# 3,600 social houses lying empty



## Brendan Burgess (22 Oct 2018)

*https://www.newstalk.com/Thousands-of-council-homes-lying-vacant-as-housing-crisis-rolls-on
*
_More than 3,600 council houses are lying empty in the midst of the housing crisis.
...

The latest NOAC Performance Indicator Report found that it took an average of 28.9 weeks to re-let a council home in 2017 – down from an average of 33 weeks in 2016._


----------



## Steven Barrett (22 Oct 2018)

29 weeks to re-let a council house, down from 33 weeks!!! 

Part of the problem with the public sector is a lack of commercial experience. Most people in the public service are career public servants. They are always spending other people's money and when it is the State's money, there are no direct consequences of being over budget. How can any council be happy with it taking over 6 months to get a house ready for re-let?


----------



## Brendan Burgess (22 Oct 2018)

It would be interesting to find out why. 

A lot of offers of council houses are refused.  I presume that the offer is left open for some time. 

There may also be some outliers - houses which no one wants which bump up the average.

The median time empty would be a better measure.

Brendan


----------



## cremeegg (22 Oct 2018)

Please don’t derail another thread by dragging in your, of itself interesting , idea for re launching public housing. 



TheBigShort said:


> Houses are allocated on need - LA's are primarily focused on the need of homeless and those on waiting lists.
> .



Houses are allocated based on a points system. That system varies by local authority. 

I don’t think any council particularly  prioritises homeless applicants. 

A major criterion for most councils is time on the list. 

That is why so many offers are refused. The houses are offered to people who put their name down years ago. Have made alternative arrangements in the meantime and are often in a position to wait for a better offer.


----------



## jpd (22 Oct 2018)

If someone refuses an offer, do they go to the back of the queue?


----------



## mathepac (22 Oct 2018)

An applicant is allowed two refusals and then loses their "seniority" on the list.


----------



## Brendan Burgess (23 Oct 2018)

Some useful data here


----------



## odyssey06 (23 Oct 2018)

How can it cost 5 times more to get a property ready for re-letting in Cork than in Wexford?
Cork City's maintenance spend it twice that per property of Cork County?
And Dublin's is twice that again?


----------



## Tebbit (23 Oct 2018)

The figures for getting a house ready for letting in some cases are unbelievable!!!


----------



## Delboy (23 Oct 2018)

Why do houses need so much work to let/re-let in the first place? It appears they are being completely gutted and then renovated. Why?


----------



## cremeegg (23 Oct 2018)

Because they have the budget and so they must spend it ? Does that still happen ?


----------



## Bronte (24 Oct 2018)

Delboy said:


> Why do houses need so much work to let/re-let in the first place? It appears they are being completely gutted and then renovated. Why?

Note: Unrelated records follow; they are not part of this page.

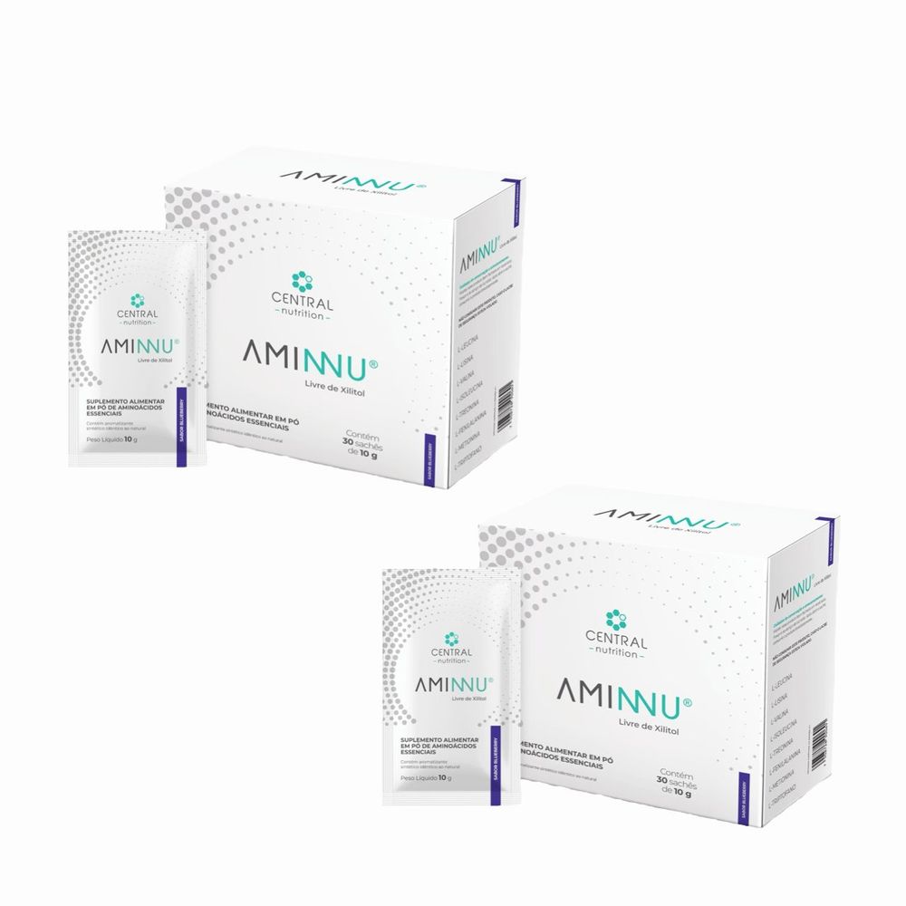 2x Aminnu Sem Xilitol Blueberry-30 Sachês- Central Nutrition Blueberry
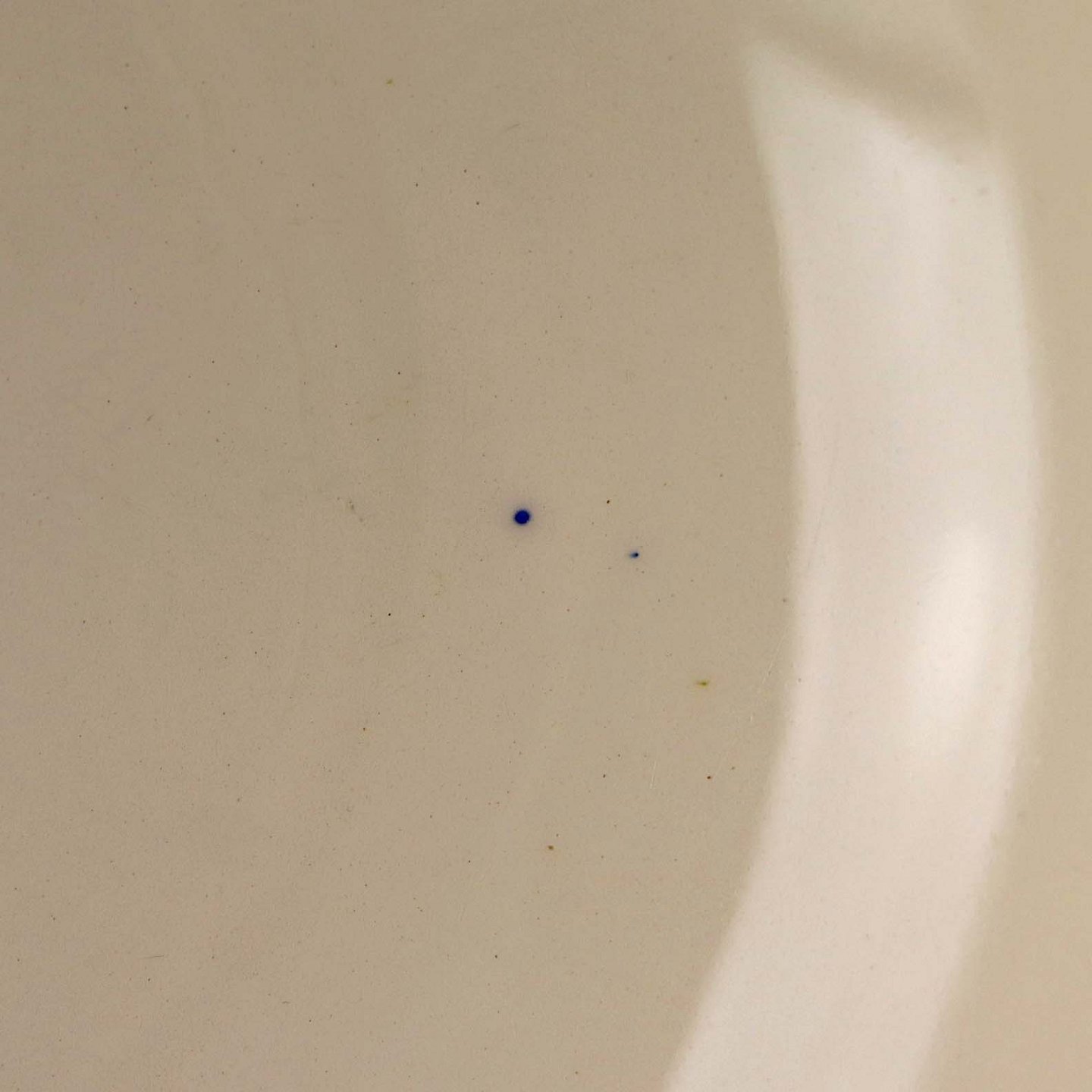 Fremstår med to mindre blå pletter underglasuren samt ujævnhed i glasuren på skålens yderside.
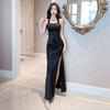 This Elegant Spaghetti Strap Evening Gown seamlessly blends sophistication and versatility, perfect for transitioning from a chic nightclub look to a polished work attire. Crafted from high-quality polyester, the gown features a soft, silky feel that enhances comfort and elegance. The flattering spaghetti straps add a delicate touch, making it an ideal choice for a variety of occasions, whether it's a night out or a formal event.
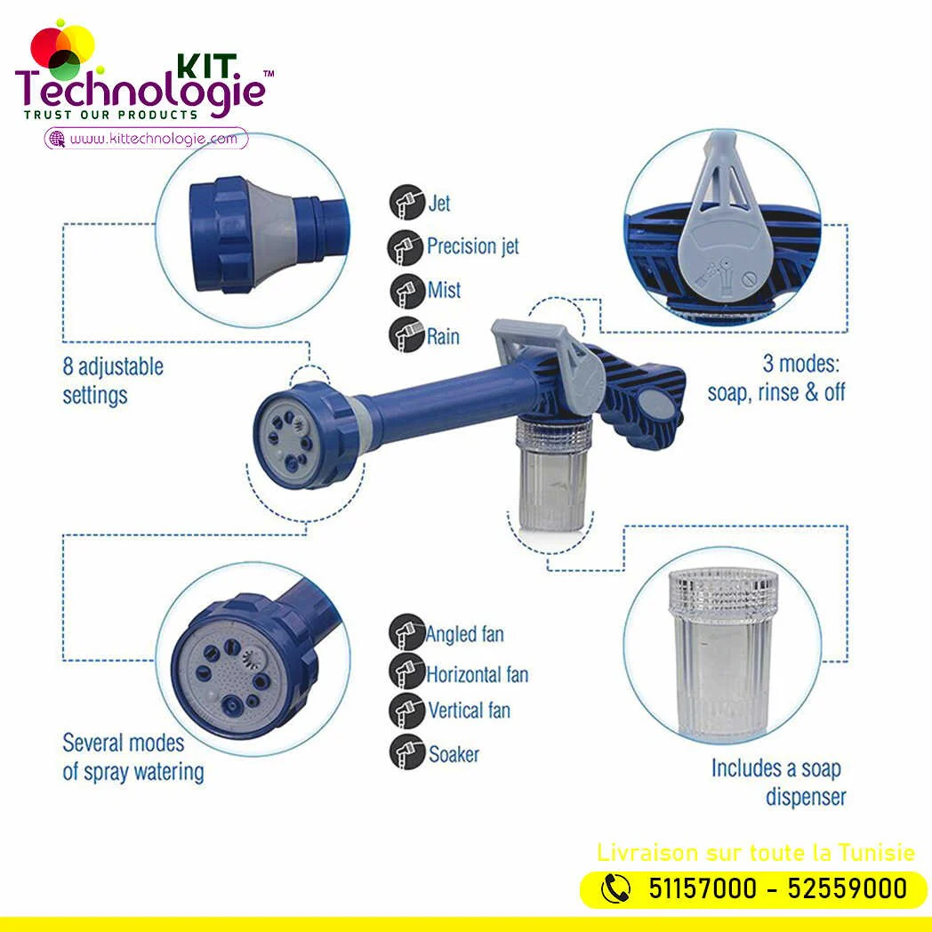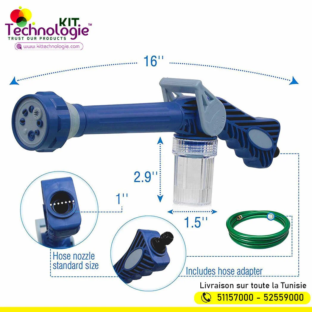 Support de Tuyau 8en1 · Pas d’électricité ou de moteur requis · Nettoyez votre maison, votre voiture, votre allée, puis arrosez doucement vos plantes · Idéal pour le nettoyage des fenêtres et des écrans · Buse multifonctionnelle · Parfait pour tous les travaux de nettoyage extérieurs · Vous pouvez attacher à n’importe quel tuyau standard […]

You want me to answer that? Here's my take on it

- LA houses are not respected
- Especially when the tenant is leaving
- Might be a tenant has been there for years and has let the place go
- Might be a tenant who died
- Might be a LA issue about whether the tenant's children want to take over the tenancy that delays things

Costs
- It's the state, everything costs more
- Because it's the state everything takes longer, a private landlord is ready to go immediately to get the place in ship shape condition
- As an example, it took me 2 weeks to do the following in a 3 bed, repaint it, tiled kitchen and hall floor, re-tile entire bathroom, then there's the cleaning, curtains (no idea what tenant's do to curtains), some new furniture.  And don't get me started on cookers and fridges.  About 7K I think it was about 10 years ago.  I hired Polish painters from a small ad and they did it I think in three days.  They were so fast my husband was in bed (it was xmas and I thought it would be a good idea to stay there) and they didn't care he was in bed, he hopped into the bathroom and they followed him in there, he will never agree again to stay in any of the rentals.
- For 20K your're maybe talking old electrics or plumbing, or else gutting it
- The state always gets screwed for costs by tradesmen, it's impossible for a guy in an office to invest their time and effort into getting the best costs, they just want Johnnie the registered electrician to go in and sort it out and send in the bill


----------



## Purple (5 Nov 2018)

Delboy said:


> Why do houses need so much work to let/re-let in the first place? It appears they are being completely gutted and then renovated. Why?


Because it's not their money. That's why.


----------